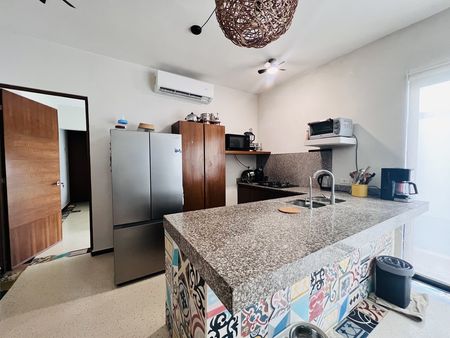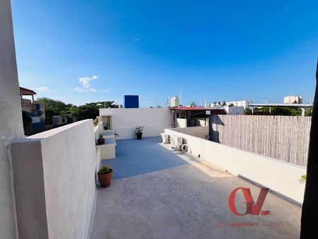 En la segunda planta hay un departamento completamente independiente con estancia, cocineta, recámara con baño completo y una terraza grande con área de asadero. En el tercer piso hay otro cuarto con dos terrazas donde podrás ver el mar.
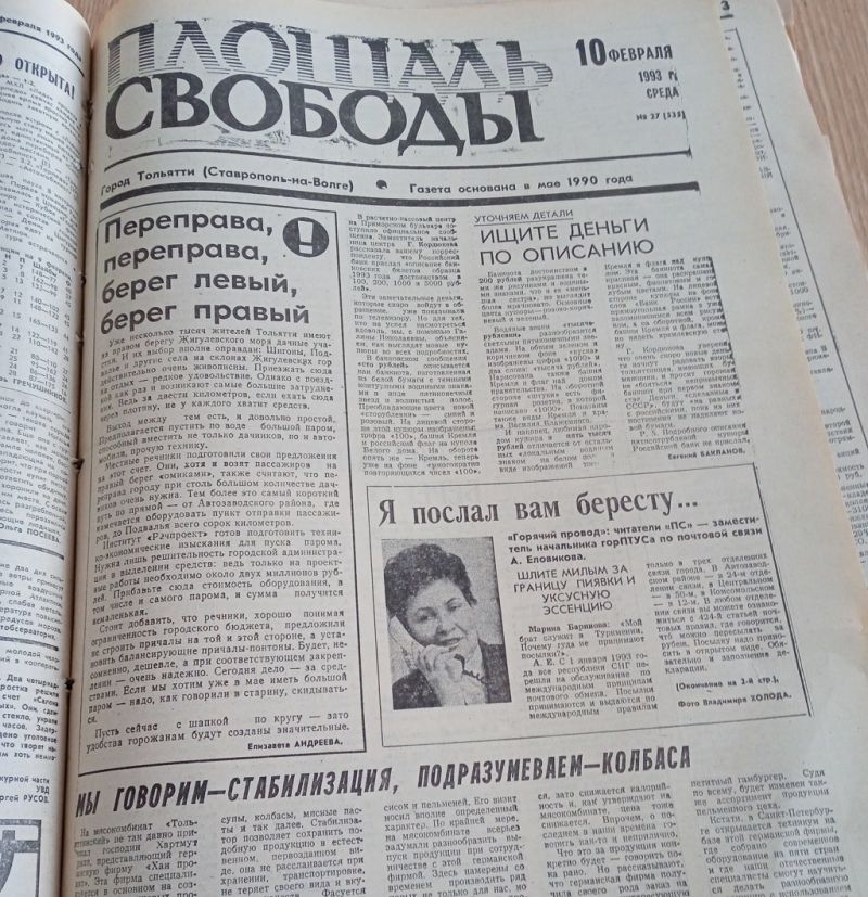 Пролистываем несколько февральских номеров за 1993 год. На первой странице номера за 6 февраля заметка «Ваучер в тумане», в которой корреспондент рассказывает, что 14 тысяч тольяттинцев до сих пор не получили свой ваучер – документ на который россиянам предлагалось получить свою долю государственной собственности развалившегося СССР. Интересно, много ли нашлось соотечественников, которые с толком и прибылью для себя и своей семьи смогли пристроить эту ценную бумагу? Или большинство отнесли их в финансовые пирамиды, которые через очень короткий срок полопались, словно мыльные пузыри?
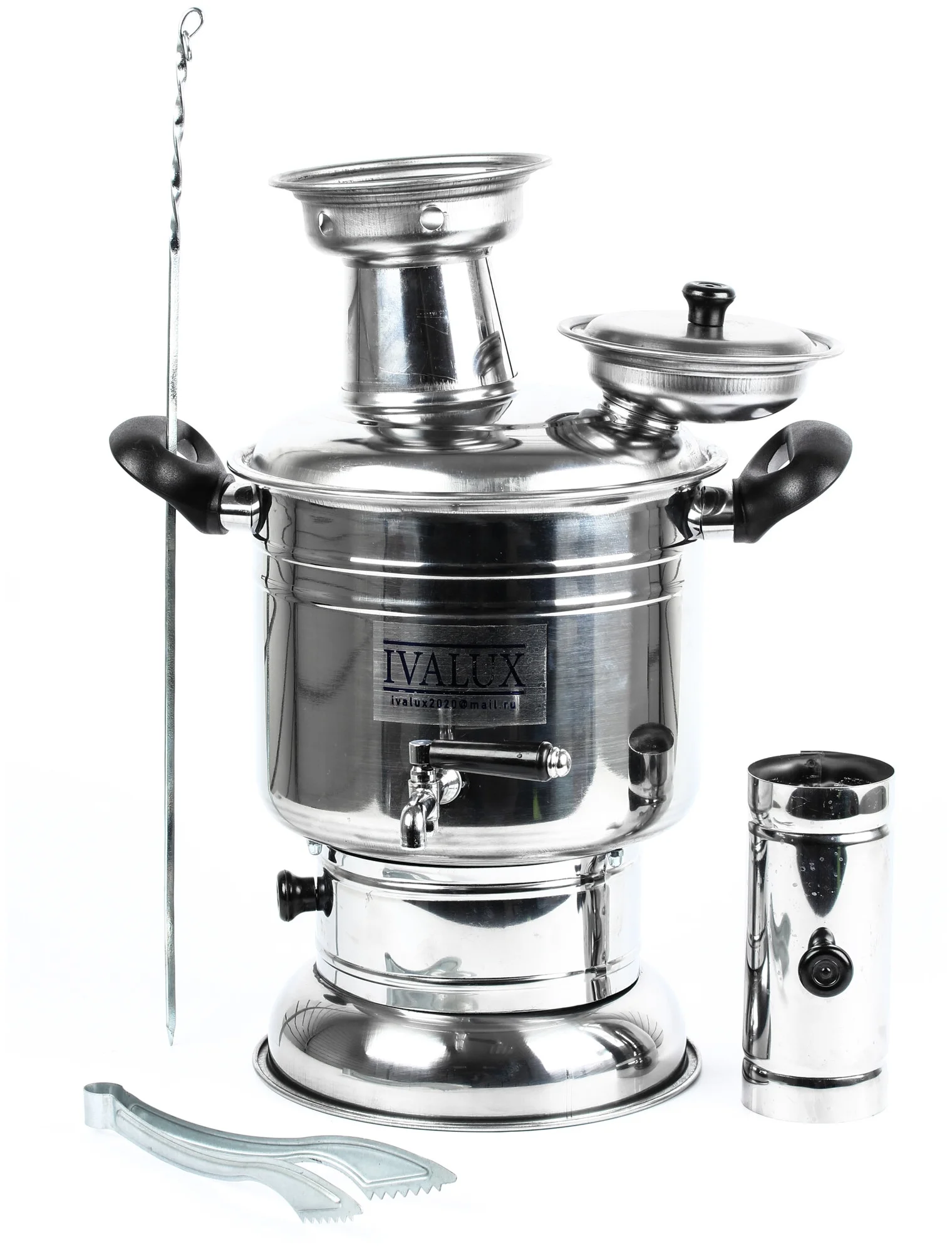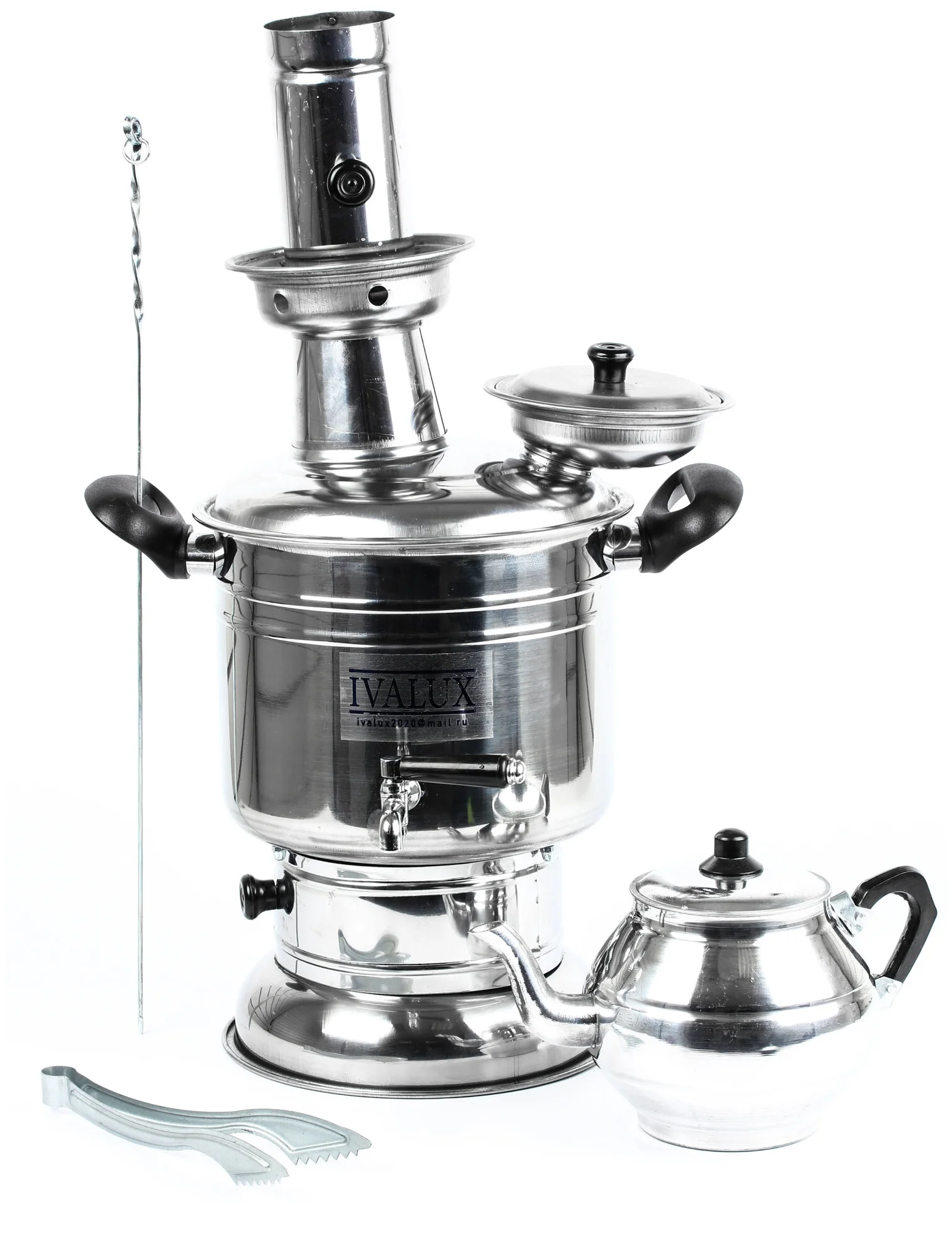 Очень быстрая доставка и цена достаточно приятная. Самовар стоит своих денег, сделан аккуратно и хорошо упакован. Блестящая поверхность не поцарапана и будет хорошим подарком. В комплекте идет чайник , щипцы и шомпол
* * * * * * * * *
§ TASK DETAILS:
The full text of the data above, exact and without pictures, is what to return.

§ OUTPUT OF THE TASK:
 En la segunda planta hay un departamento completamente independiente con estancia, cocineta, recámara con baño completo y una terraza grande con área de asadero. En el tercer piso hay otro cuarto con dos terrazas donde podrás ver el mar.
 Пролистываем несколько февральских номеров за 1993 год. На первой странице номера за 6 февраля заметка «Ваучер в тумане», в которой корреспондент рассказывает, что 14 тысяч тольяттинцев до сих пор не получили свой ваучер – документ на который россиянам предлагалось получить свою долю государственной собственности развалившегося СССР. Интересно, много ли нашлось соотечественников, которые с толком и прибылью для себя и своей семьи смогли пристроить эту ценную бумагу? Или большинство отнесли их в финансовые пирамиды, которые через очень короткий срок полопались, словно мыльные пузыри?
 Очень быстрая доставка и цена достаточно приятная. Самовар стоит своих денег, сделан аккуратно и хорошо упакован. Блестящая поверхность не поцарапана и будет хорошим подарком. В комплекте идет чайник , щипцы и шомпол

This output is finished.